Clinical trials in migraine often use monthly migraine days as a primary endpoint and the International Headache Society actually recommends the use of monthly migraine days as the primary endpoint for HTAs involving preventive treatments [8]. Where generic preference-based measures are not deemed ideal, other approaches include using condition-specific instruments or condition-specific preference-based measures (to our knowledge there is none for migraine). However, analyses with disease-specific instruments do not allow decision-makers to compare resource allocation across different conditions.

Nevertheless, several trials in the migraine field (e.g. [9, 10]) only collect migraine-specific health-related quality-of-life (HRQOL) instruments, but do not collect generic preference-based ones, which can be used to conduct cost-utility analyses. There are several migraine-specific HRQOL questionnaires such as the Headache Impact Test-6 (HIT-6), the Migraine Disability Assessment (MIDAS), and the Migraine-Specific Quality-of-Life Questionnaire (MSQ). The HIT-6 is a headache-specific questionnaire, which evaluates how headaches affect someone’s ability to function on the job, at school, at home, and in social situations [11]. This instrument does not have a preference-based scoring system, thus it does not permit the calculation of QALYs. Mapping overcomes this issue by providing an algorithm which allows the estimation of QALYs even if a preference-based HRQOL instrument was not included in the study. However, to perform mapping between two instruments, there should be a conceptual overlap between them. ISPOR guidelines on mapping state that these algorithms can only be successful if there is sufficient overlap between the analysed instruments [12]. Although the selected instruments do not have to measure the same symptoms or functional (dis)abilities, they do need to address the same underlying concepts.

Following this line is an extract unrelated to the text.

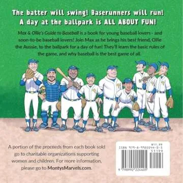 While there are various children's books available about sports, Max & Ollie's Guide to Baseball distinguishes itself through its exceptional blend of storytelling and foundational education. Unlike other books that may gloss over the rules or present them dryly, this guide presents them in an engaging narrative that combines excitement and accurate baseball vocabulary. In addition, its unique contribution to charity gives it a purpose beyond just entertainment, making it not only a choice for fun but a mindful purchase.
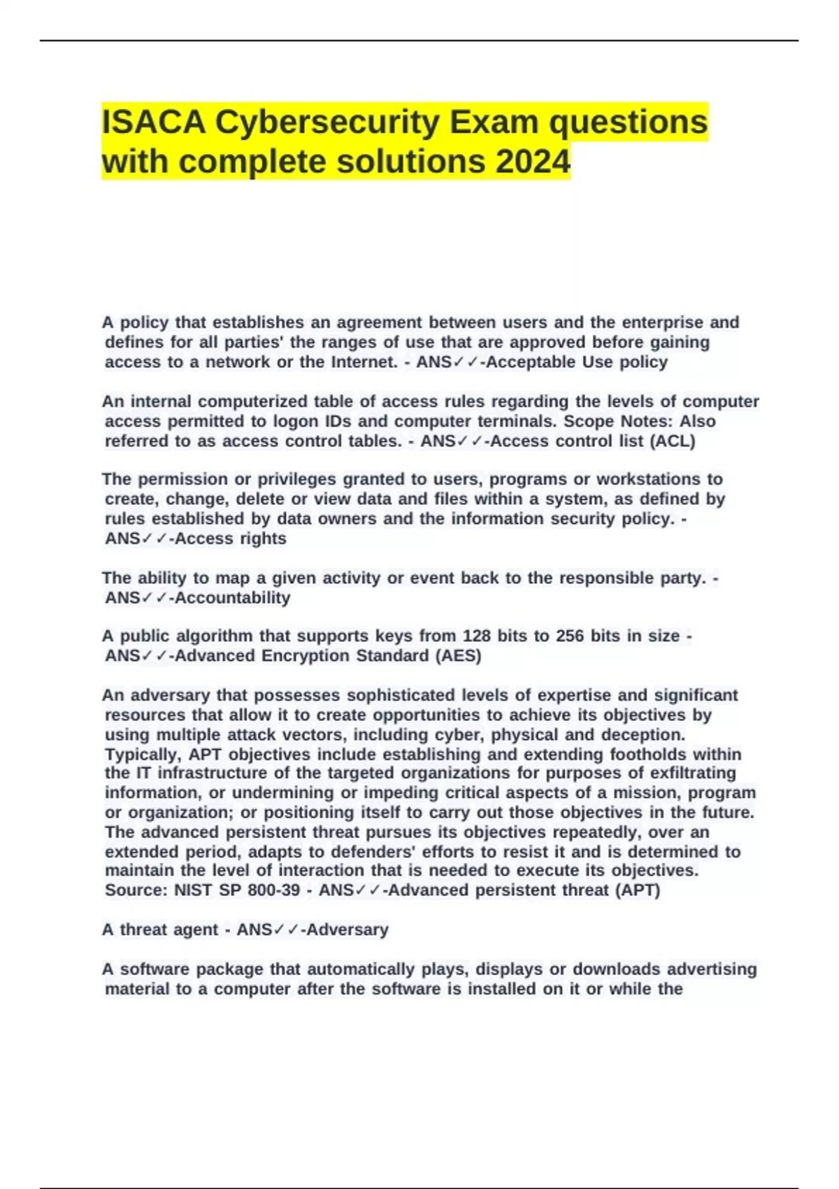 ISACA Cybersecurity Exam questions with complete solutions 2024.

One study by Gillard et al. has already mapped the EQ-5D to the HIT-6, but used quality weights for England in a Brazilian population [13]. Several studies have shown the impact of using different country-specific value sets of EQ-5D on the interpretation of results [14, 15]. Furthermore, the authors used variables in their algorithm which are not always collected in trials, such as ethnicity. A large number of trials which do not involve drugs but e.g. behavioural interventions often do not collect ethnic information (e.g. [16,17,18,19]). Applying the validation method of splitting the available data set into two has been criticised because of its limited ability to depict the uncertainty in the results and increased bias in the performance estimates in proportionally large test sets [20].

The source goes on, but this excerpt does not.